Think it's nailed on.I'm a big fan of talking to people and watching tills in shops.Contacts in the building trade are themselves saying 'it's going 2008 all over again'.One good friend delivers plasterboard.Second round of the day has been cancelled.He's dropping supplies onto supplies he dropped off two weeks before on some sites as they've jsut stopped building.There's a reason the builders have had a big sell off here.Sales bloke for Taylor Wimpey openly saying to my contact that a downturn was needed to get day rates back under control 

 

Some of the building insiders on here eg @Bricks & Mortar might be able to confirm or deny this(I'm not sure B&M is currently in building game) 

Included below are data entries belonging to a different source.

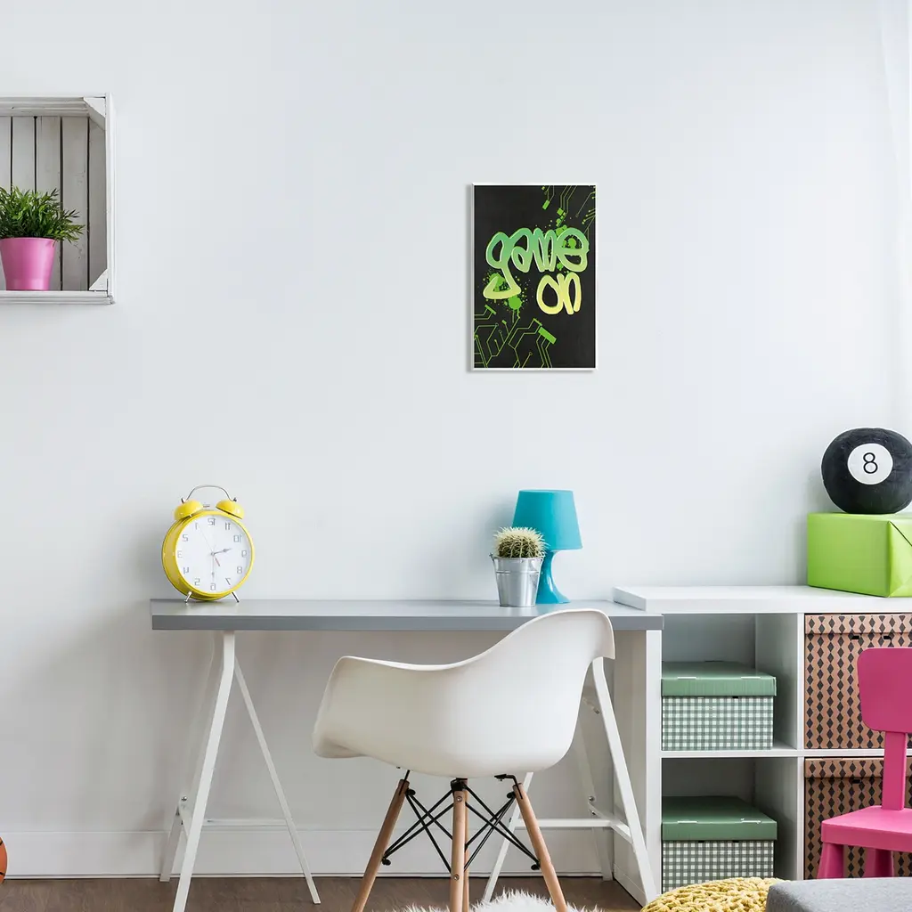 Our wall plaques start as high-quality lithograph prints mounted on durable 0.5-inch thick MDF wood. Each piece is hand finished and comes with a fresh layer of white foil on the sides to give it a crisp, clean look. Plaques arrive ready to hang without installation and come with removable plastic corners to keep them from damage in transit. Wall Art is made in the USA.Features: Dimensions: 10 x 0.5 x 15 InchesWall Plaque Sizes Include Standard: 10 x 0.5 x 15 Oversized: 13 x 0.5 x 19Wall Art is Ready to Hang with Hardware Free Hanging. No installation required. For Easy Set Up Lean or Layer Artwork on Shelf or Against Wall.All of our wall plaques start off as high quality lithograph prints that are then mounted on durable 0.5 inch thick MDF wood. Each piece is hand finished and comes with a fresh layer of foil on the sides to give it a crisp clean look. Made In USA.Artwork Relates To: Video games, Gaming, Gamer, Entertainment, Vintage, Game OnDesign by Amanda Murray
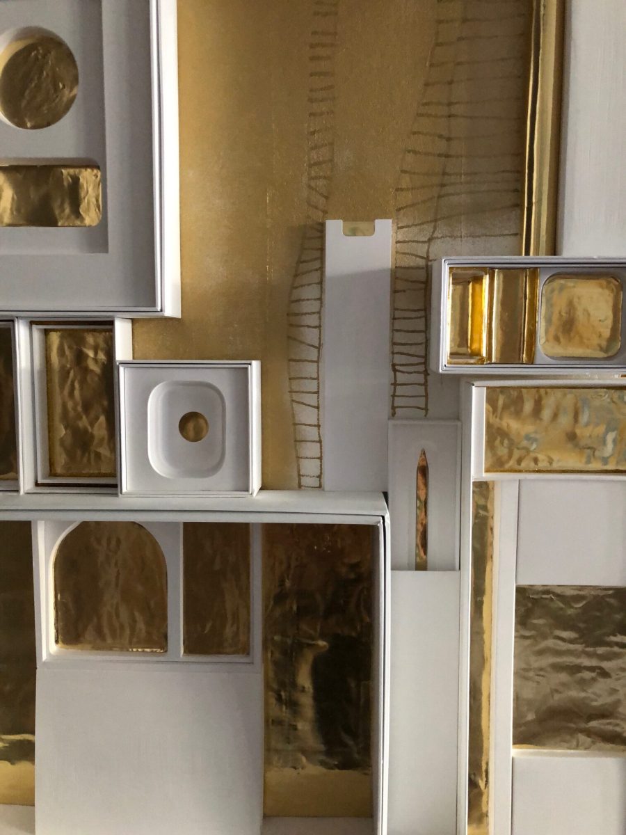 Himmlisches Jerusalem, 2023; 55×80 Verpackungsmaterial von Apple-Geräten, Folien, Filzstift
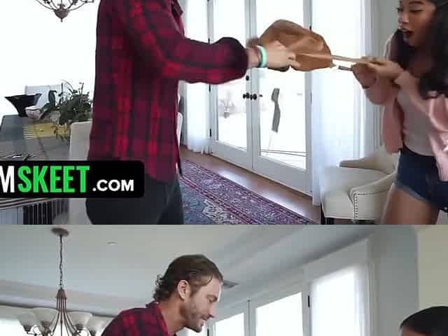 Teen gets fucked by a black dude with her daddy around
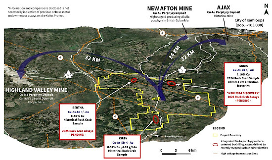 Figure 1. Kolos Project location with annotated alkalic copper-gold porphyry centers and location of nearby major copper deposits and mines.
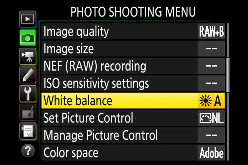 Примечание: Обратитесь к руководству пользователя, если вам понадобится помощь с поиском меню баланса белого. У большинства моделей камер также есть соответствующая кнопка на верхней или задней части корпуса.
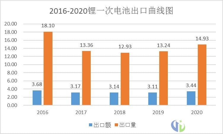 2020年锂一次电池出口量为14.93亿只,2019年出口量为13.24亿只,与上一年相比,同比上涨了12.76%。2020年锂一次电池出口额为3.44亿美元,2019年出口额为3.11亿美元,与上一年相比,同比上涨了10.61%。
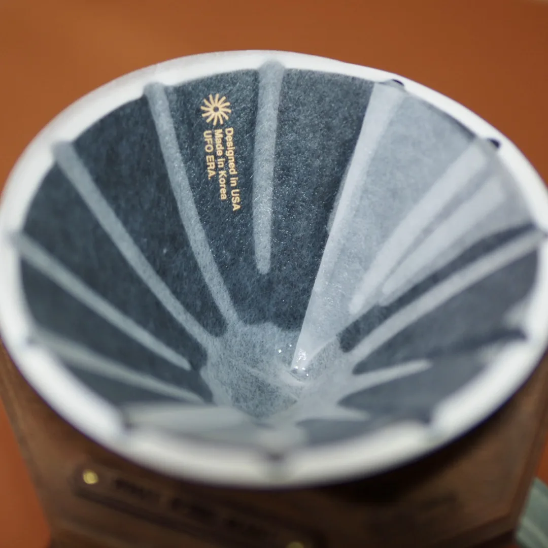 こちらも4月に購入したUFOドリッパー セラミック。80度の角度がついていて、他のドリッパーと比べて全高が低い。そのためお湯を注ぐ高さの余裕があまりなく、ゆっくり注いで、結果撹拌少なめの抽出になることが多いです。ペーパーは専用になる…と思いきや後述に紹介するペーパー(?)が合うのでご参考に。
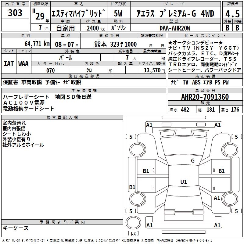 TOYOTA ESTIMA HYBRID AERAS PREMIUM -G 4WD - лот 303
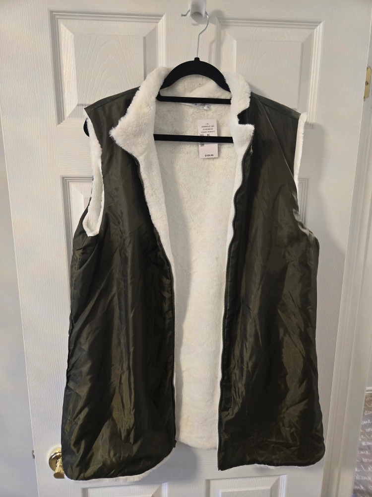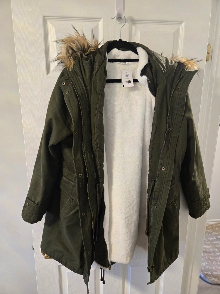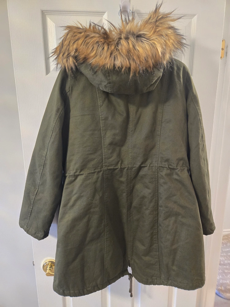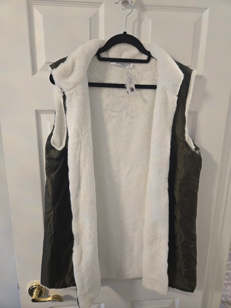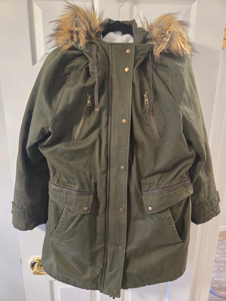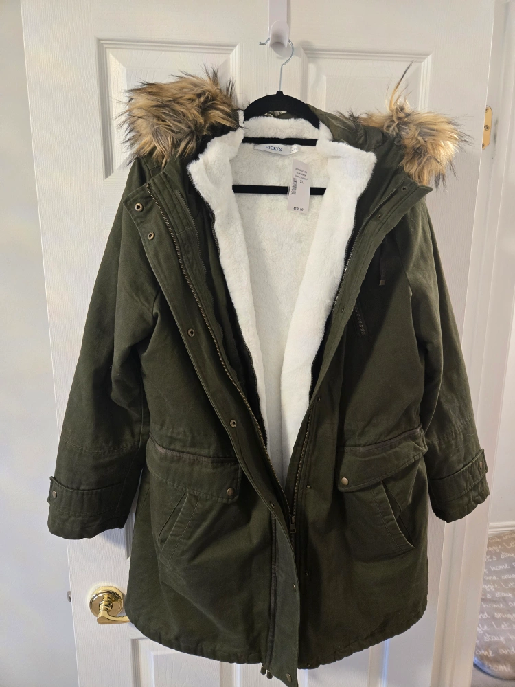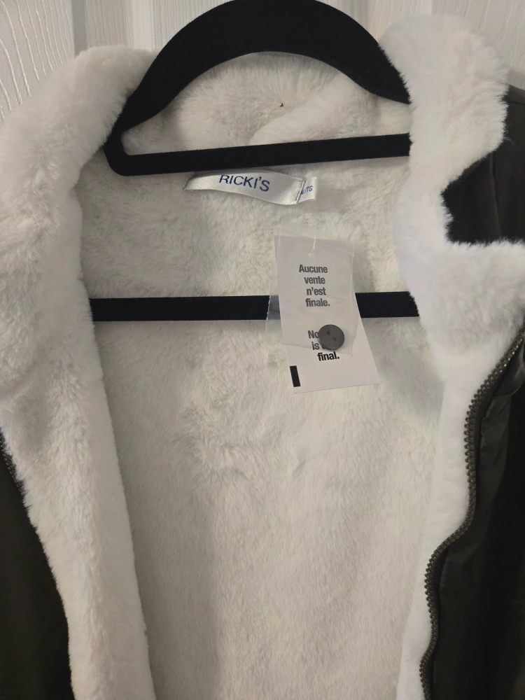 Selling a Miro's parka in olive green! It has a faux fur trimmed hood and a cozy faux fur lining. Size is XL. The original tag shows it was $119.99 Purchased at Ricki's in Vaughan Mills Mall. Brand new with tags, never worn before. All Zippers and pockets are functioning properly. No holes. Detachable vest. Pick up in Vaughan.
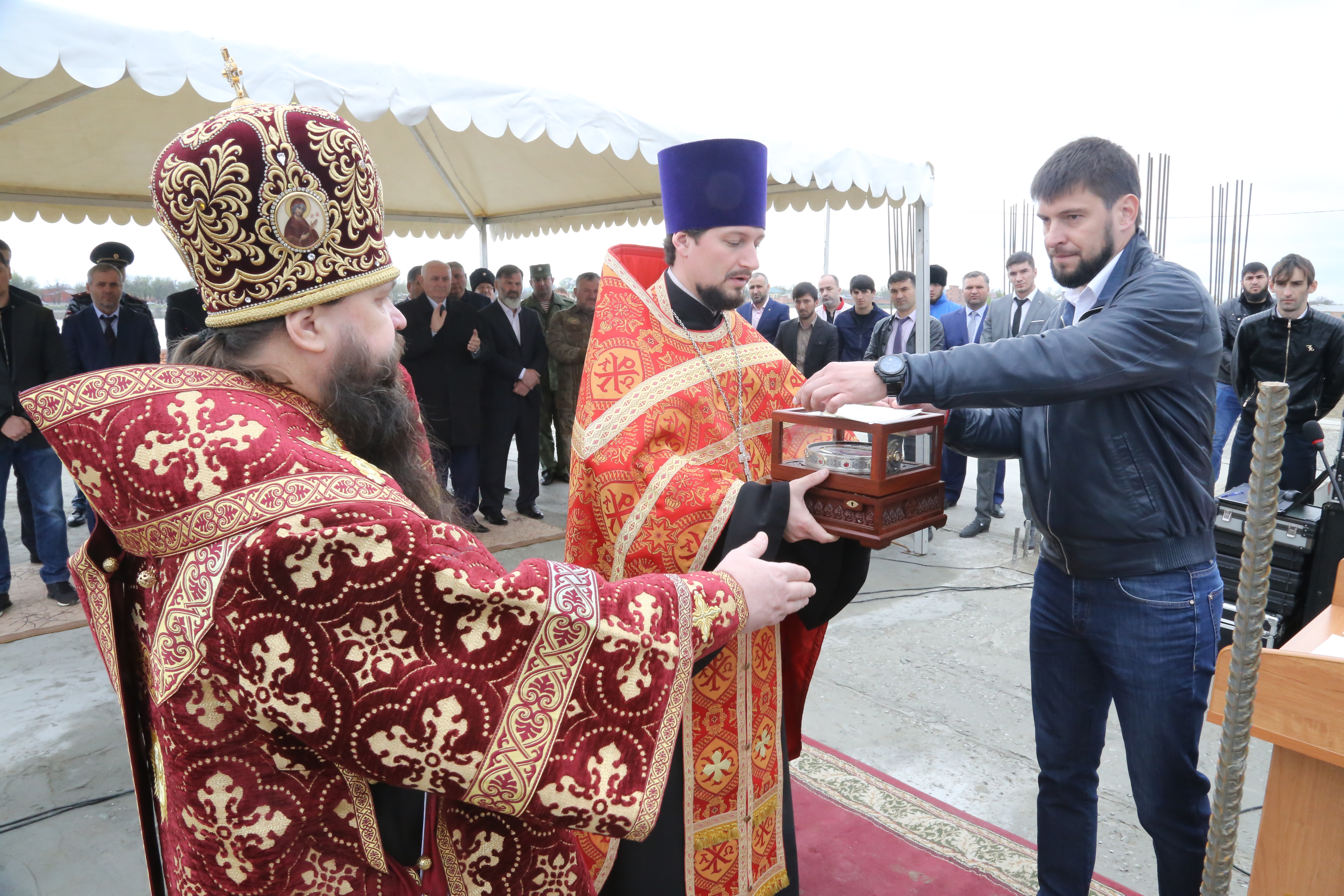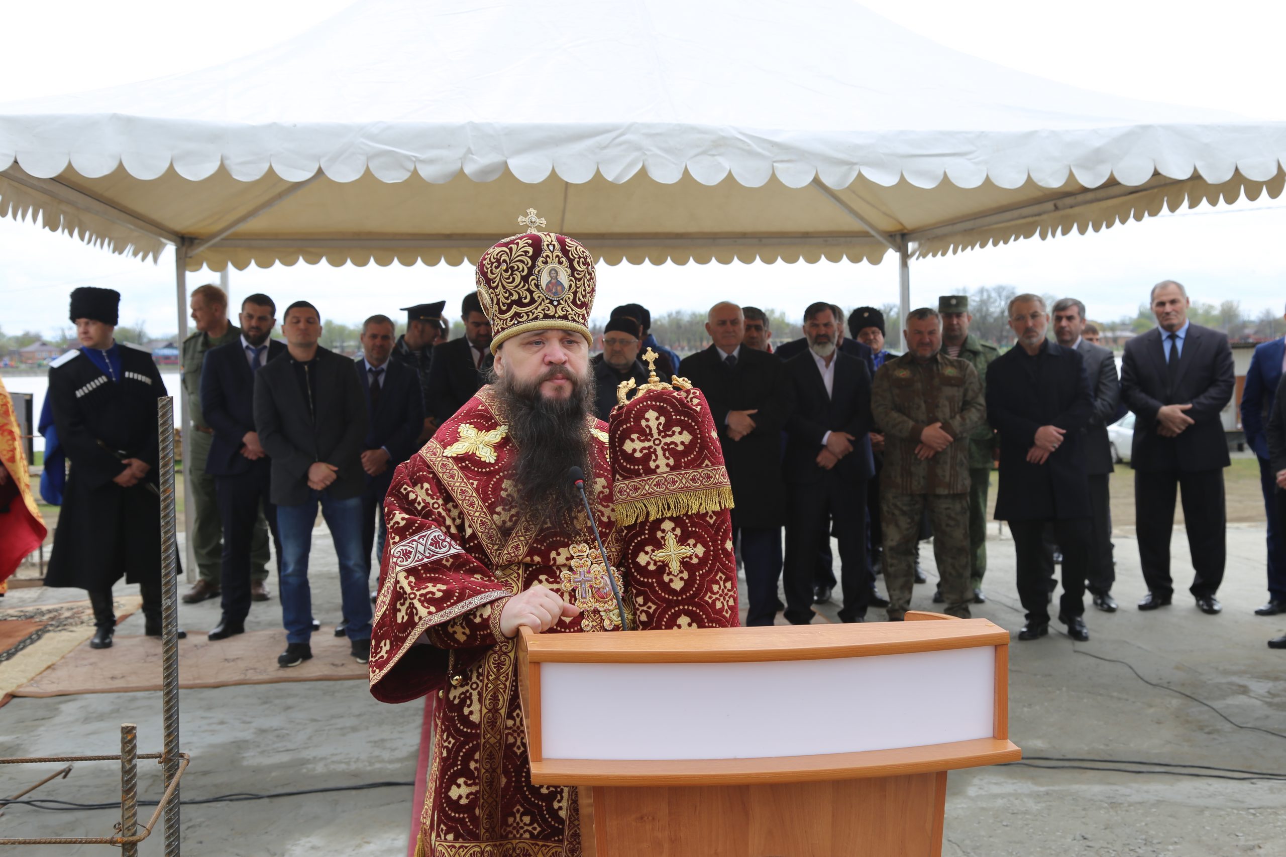 Затем слово предоставили советнику Главы ЧР Даниилу Мартынову. «Знаменательно, что новый храм заложен за год до 300-летия со дня основания станицы. Современная Чечня служит образцом межнационального и межрелигиозного мира и согласия, а строительство православного храма служит укреплением связей с нашей Родиной – Россией», — подчеркнул выступающий.
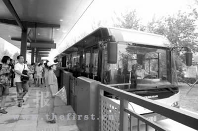 與南中軸快速公交1線不同的是,快速公交2線所有的站臺上都設(shè)置了安全屏蔽門,保障乘客安全。
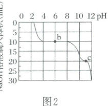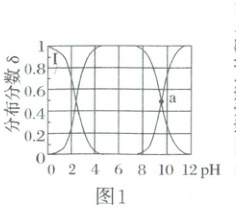 1.C 曲线Ⅰ对应物质的分布分数随pH增大逐渐减小,pH=0时,溶液呈强酸性,故曲线Ⅰ对应的离子为$^+NH_3CH_2COOH$,A 正确;a 点时$c(^+NH_3CH_2COO^-) = c(NH_3CH_2COO^-)$,$K_2=\frac{c(^+H)· c(NH_3CH_2COO^-) }{c(^+NH_3CH_2COO^-)} =c(^+H)=10^{-9.6}$,故此时pH=9.6,B正确;b点对应溶液pH=6,滴入10 mL NaOH溶液,该点溶液中存在电荷守恒:$c(^+H)+c(Na^+)+c(^+NH_3CH_2COOH)=c(OH^-)+c(Cl^-)+c(NH_2CH_2COO^-)$,而$c(^+H)>c(OH^-)$、$c(Na^+)=c(Cl^-)$,故$c(^+NH_3CH_2COOH)<c(NH_2CH_2COO^-)$,C错误;c点加入20 mLNaOH溶液,所得溶液中溶质为$NH_2CH_2COONa$,结合质子守恒可知,$2c(^+NH_3CH_2COOH)+c(^+NH_3CH_2COO^-)+c(^+H)=c(OH^-)$,D正确。
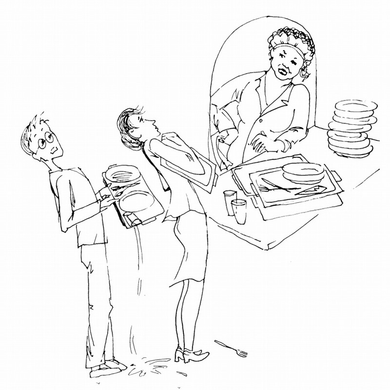 В Москве, на Газетном, где мы располагаемся, в лабиринте петляющих коридоров находится колоритная, пропитанная духом советского прошлого и уставленная соцатрибутами столовка. Там мы по-быстрому питаемся.
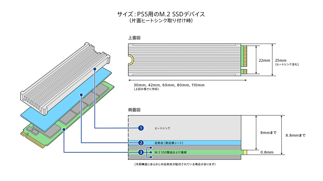 放熱構造を含むサイズ:25(W)×110(D)×11.25(H)mm未満
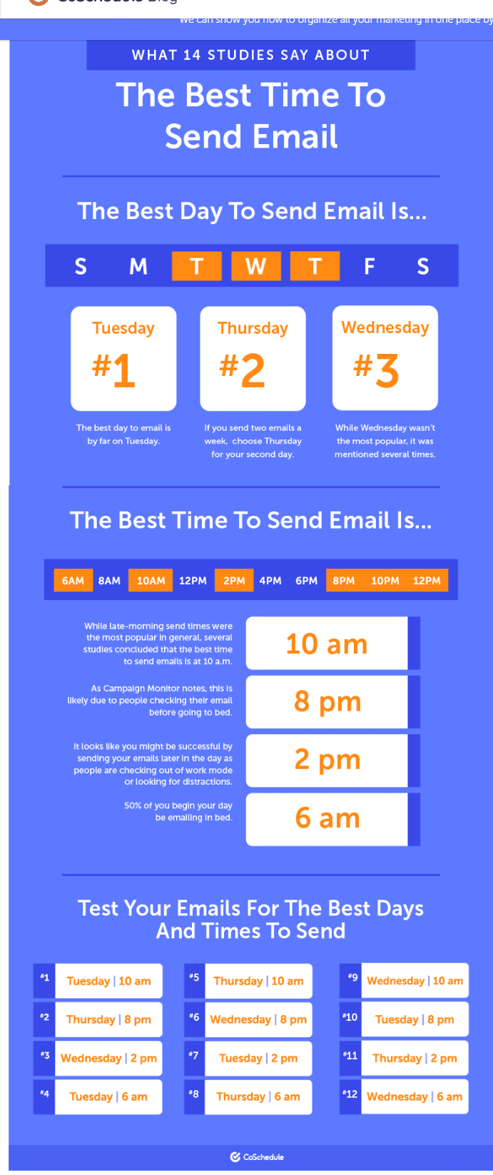 CoSchedule’s infographic shares an analysis of 14 separate research papers that study the best time and day to send emails. Here’s what they conclude.
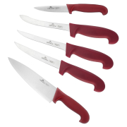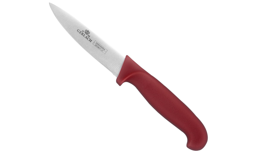 Antypoślizgowa rękojeść noża ma ergonomiczny kształt zapewniający komfort pracy. Została ona wykonana z poliamidu wzmacnianego włóknem szklanym. To rękojeść, która pozwala na zachowanie wysokiego poziomu higieny w kuchni i jednocześnie jest odporna na działanie tłuszczu i wilgoci. Wyrazisty, czerwony kolor pozwala na bezproblemowe odnalezienie narzędzia wśród innych produktów i akcesoriów.
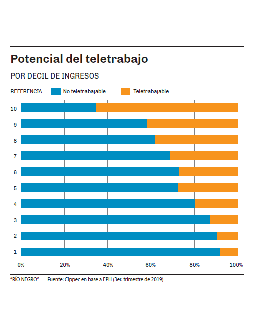 Por último, las diferencias surgen del nivel de ingresos. Si se divide a los trabajadores en deciles, resulta que el decil 10 (10% de mayores ingresos) tiene un potencial de teletrabajo del 73%, y el decil 9 tiene un 43% de posibilidades de trabajar desde el hogar. Por el contrario, el decil 1 (el 10% de menores ingresos) tiene solo un 8% de potencial de teletrabajo, y el decil 2 un 10%.
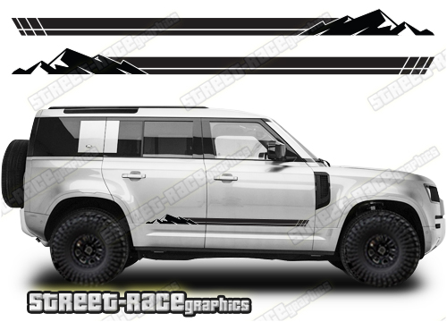 Land Rover Defender 110 graphics. They are shown on the 2020 Defender (L663). The decals are universal fit: they are not pre-cut for any specific Defender 110 L663. They do not have any door handle cutouts, wheel arch or door line splits. These will require trimming during fitting.
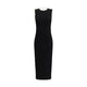 Balmain’s Long Dress is a bold and refined garment made of a twisted knit with openwork that enhances the silhouette. The round neckline is framed by a contrasting ribbed finish, also echoed on the armholes. The contrasting straps are embellished with the distinctive gold metal "Lion Chain" buttons, the distinctive symbol of the maison. Sleeveless and with a long, fitted fit, this dress combines structured elegance and contemporary sensuality.
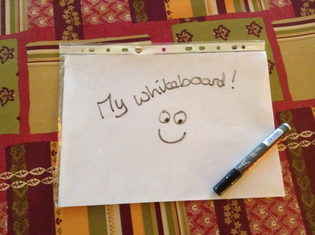 I’m actually lucky enough to have a set of mini-boards, a bit smaller than A4. Here in France kids need them for primary school and so I’ve a collection of various handmedowns from my children and their friends.
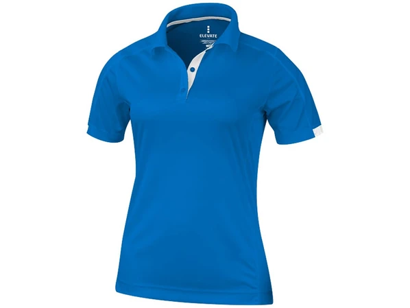 Женская рубашка поло синего цвета с короткими рукавами Kiso. Универсальный покрой изделия позволяет использовать поло для повседневной носки.
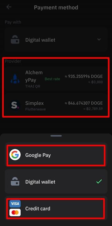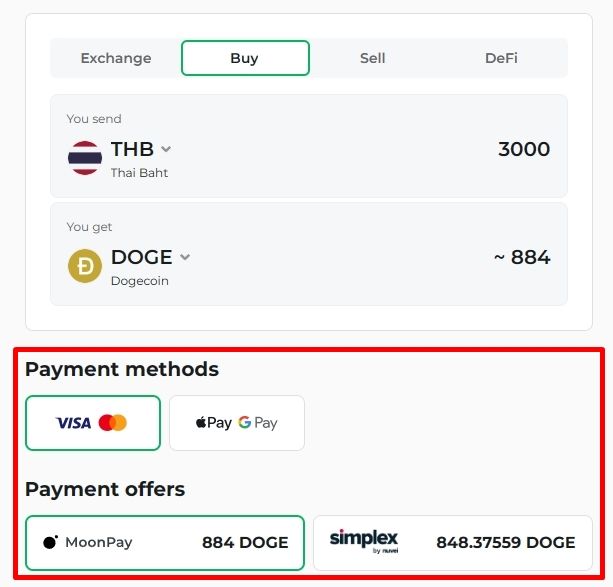 - เลือกผู้ให้บริการชำระเงินและอัตราที่ดีที่สุดที่คุณต้องการ จากนั้น ทำตามขั้นตอนของผู้ให้บริการชำระเงินเพื่อยืนยันการซื้อเหรียญ DOGE ของคุณ

I am still in the game - but not as connected as I used to be.   I quit working for larger building firms after I worked out a job in the sector is only as good as the next recession.  So, I run a small business now.  Mostly repairs and maintenance - essential stuff like roofs.  And we're in a rural area - quite far from the cities.  My main thinking was proofing against recession.   So far, it's not been as lucrative - but I reckon it's about to have its day in the sun.

Day rates have been going up.  There seems to be a labour shortage.   Noted a Polish construction boss complaining of 10% year-on-year increase in labour rates in his country.  Imagine that, coupled with the exchange rate, and brexit fears, have been tempting Polish workers home.

Plenty of work in my local repair & maintenance sector.  More than we can handle, and same story from other builders I meet at the merchants, or sandwich truck.- So, I suppose I'm not seeing a downturn.  Not that I'd expect to.  Not until 3 months after it appeared on the 6 o'clock news.  (I expect our geographical area to also lag behind any recession)

Have noticed the merchants, the national ones, are all getting tighter with their invoicing.  They're on the phone immediately if their invoice isn't paid, threatening to cut supply or get legal.  They used to leave that until the next month (for wee businesses like us, with accounts in the hundreds, rather than millions).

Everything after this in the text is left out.